Reactions: Like 11 | Funny 1 | Informative 1


----------



## Yagya (4/1/17)

Now thats 1 great looking mod right there.

Reactions: Thanks 1


----------



## Yagya (4/1/17)

I would like to see how that shine holds up as I had mine polished but somehow it kinda fades again looking raw


----------



## incredible_hullk (4/1/17)

Yagya said:


> I would like to see how that shine holds up as I had mine polished but somehow it kinda fades again looking raw



@Yagya will keep u posted


----------



## incredible_hullk (4/1/17)

incredible_hullk said:


> @Yagya will keep u posted


oh and and thx @Yagya seeing ur one made me realise i need it


----------



## Yagya (4/1/17)

You welcome. This 1 is my HE mod for sure.
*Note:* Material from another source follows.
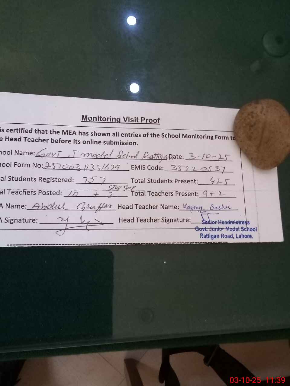 | EMIS Code: 35220537 | Name of School: GOVT. JUNIOR MODEL SCHOOL RATTIGAN ROAD LHR | |||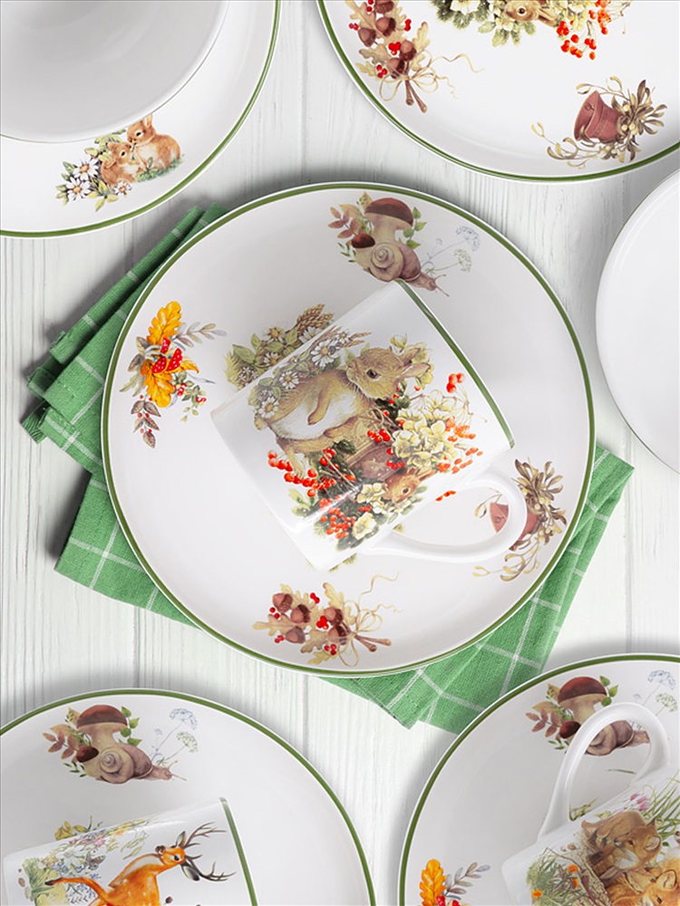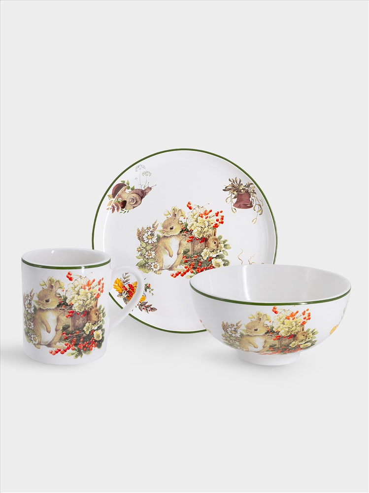 Набор посуды, 3 пр, керамика, белый, Зайчата, Childhood. Материал: керамика. Мыть тёплой водой с применением жидких моющих средств и в посудомоечной машине. Можно использовать в СВЧ.

Just ticks all the boxes for me

Reactions: Like 1 | Agree 1


----------



## boxerulez (5/1/17)

It will fade again.

You need to polish it.
Wipe it clean with thinners an

Clearcoat.

Sent from my Serpent Minikin

Reactions: Agree 1


----------



## boxerulez (5/1/17)

3 weeks in from last polish...thanks to clearcoat.

Sent from my Serpent Minikin


----------



## incredible_hullk (5/1/17)

boxerulez said:


> 3 weeks in from last polish...thanks to clearcoat.
> 
> Sent from my Serpent Minikin



stupid question @boxerulez wat is clearcoat and where do u get it from


----------



## boxerulez (5/1/17)

Autopaint store... the clear paint used on cars that have metallic finishes.

I have a compressor and equipment at home so it isneasy for me... 


If you are notnset up for this kind of thing approach someone who works on cars bodywork to do it for you.

Sent from my Serpent Minikin

Reactions: Like 1 | Thanks 1


----------



## blujeenz (5/1/17)

incredible_hullk said:


> stupid question @boxerulez wat is clearcoat and where do u get it from


Its the top clear layer over the color coat on your car to protect it from minor chips etc.

Reactions: Like 2 | Thanks 1


----------



## Clouds4Days (5/1/17)

boxerulez said:


> Autopaint store... the clear paint used on cars that have metallic finishes.
> 
> I have a compressor and equipment at home so it isneasy for me...
> 
> ...



Or can we approach you 

I just gave you a business idea @boxerulez , i dont expect any returns but you could name the business after me 


*Clouds4Days Mods n Other Paint Jobs*

Reactions: Funny 1


----------



## incredible_hullk (5/1/17)

Clouds4Days said:


> Or can we approach you
> 
> I just gave you a business idea @boxerulez , i dont expect any returns but you could name the business after me
> 
> ...



Boxem Clouds Mod Detailing


----------



## boxerulez (5/1/17)

Clouds4Days said:


> Or can we approach you
> 
> I just gave you a business idea @boxerulez , i dont expect any returns but you could name the business after me
> 
> ...


Ill do it free for you but shipping is your baby. Remember I am in East London.

Sent from my Serpent Minikin


----------



## Clouds4Days (5/1/17)

boxerulez said:


> Ill do it free for you but shipping is your baby. Remember I am in East London.
> 
> Sent from my Serpent Minikin



Thanks bud.
I dont have one but when i get something raw i will take you up on that bud


----------